Readings for this section: PLP, Section 10.3.4 (required), and SICP, Section 3.1.1 (optional)
As you already saw in Lab 2, let
is a way of getting local variable definitions in Scheme. The way it works is like this:
(let ((a 3) (b 7)) (* a b))
(which produces 21). In fact, the second part of each variable specification can be any Scheme expression, so you can also do stuff like:
(let ((x (* 3 4))) (+ x 8))
(which produces 20). Like everything else, let
s can also be nested, which can even give the illusion of a variable value changing (although it doesn't, they're just different variables with the same name).
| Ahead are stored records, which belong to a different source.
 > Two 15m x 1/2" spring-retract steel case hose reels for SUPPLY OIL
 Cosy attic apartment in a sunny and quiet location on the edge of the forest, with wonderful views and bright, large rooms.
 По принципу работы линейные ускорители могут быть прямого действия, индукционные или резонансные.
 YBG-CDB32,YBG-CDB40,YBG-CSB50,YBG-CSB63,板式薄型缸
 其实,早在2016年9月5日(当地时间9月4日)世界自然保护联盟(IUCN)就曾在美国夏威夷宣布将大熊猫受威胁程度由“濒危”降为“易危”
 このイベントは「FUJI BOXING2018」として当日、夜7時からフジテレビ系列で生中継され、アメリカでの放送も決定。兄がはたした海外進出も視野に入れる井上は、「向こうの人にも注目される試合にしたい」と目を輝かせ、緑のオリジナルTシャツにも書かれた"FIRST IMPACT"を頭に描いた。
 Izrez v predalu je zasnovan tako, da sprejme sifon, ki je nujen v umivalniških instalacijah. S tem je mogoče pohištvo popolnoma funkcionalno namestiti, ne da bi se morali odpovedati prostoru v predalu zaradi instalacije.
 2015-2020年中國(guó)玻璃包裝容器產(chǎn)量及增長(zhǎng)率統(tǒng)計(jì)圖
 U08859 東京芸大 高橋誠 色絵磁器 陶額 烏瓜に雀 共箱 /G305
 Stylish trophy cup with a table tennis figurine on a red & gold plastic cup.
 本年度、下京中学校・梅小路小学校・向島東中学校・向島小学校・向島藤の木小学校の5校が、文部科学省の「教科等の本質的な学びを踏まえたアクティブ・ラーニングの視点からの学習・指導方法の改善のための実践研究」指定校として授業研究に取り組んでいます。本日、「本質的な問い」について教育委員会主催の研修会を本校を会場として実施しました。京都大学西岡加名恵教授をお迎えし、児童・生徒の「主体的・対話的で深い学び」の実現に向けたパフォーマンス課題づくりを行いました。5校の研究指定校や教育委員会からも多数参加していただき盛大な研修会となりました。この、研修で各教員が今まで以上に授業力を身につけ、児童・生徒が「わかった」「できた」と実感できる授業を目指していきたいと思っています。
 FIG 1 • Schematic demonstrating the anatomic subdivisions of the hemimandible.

For example, the following C code:
int a = 4; int b = 12; a = b - a; return a * 2;
Could be translated exactly as the following in Scheme:
(let ((a 4)) (let ((b 12)) (let ((a (- b a))) (* a 2))))
Now this isn't necessarily the best way to do things in Scheme, but anyway it's possible. And actually, there are some situations when using a local variable is the only reasonable approach. Consider for instance the following Scheme program:
(define (lmax L) (cond [(null? L (cdr L)) (car L)] ; if list has one element, return it [(>= (car L) (lmax (cdr L))) (car L)] ; if first element is largest, return it [else (lmax (cdr L))])) ; else return recursive call
What is the running time of this program, in the worst case?
Of course we could write a recurrence to figure that out, since this is in fact a recursive function. The worst-case cost is given by
[ T(n) = 1 + 2T(n) ]
And if you remember from Algorithms class, this turns out to be (O(2^n)): exponental-time in the size of the input list!
The problem is that (lmax (cdr L))
is called twice every time in the worst case. This is a big waste of time, and there are a few ways to fix it. Probably the most obvious way is to use a local variable, like this:
(define (lmax L) (if (null? (cdr L)) (car L) (let ((rest-max (lmax (cdr L)))) (if (>= (car L) rest-max) (car L) rest-max))))
This is really the same thing as the code above, except that the embedded let
avoids the need to ever make 2 recursive calls. The running time becomes just (O(n)), as we would like.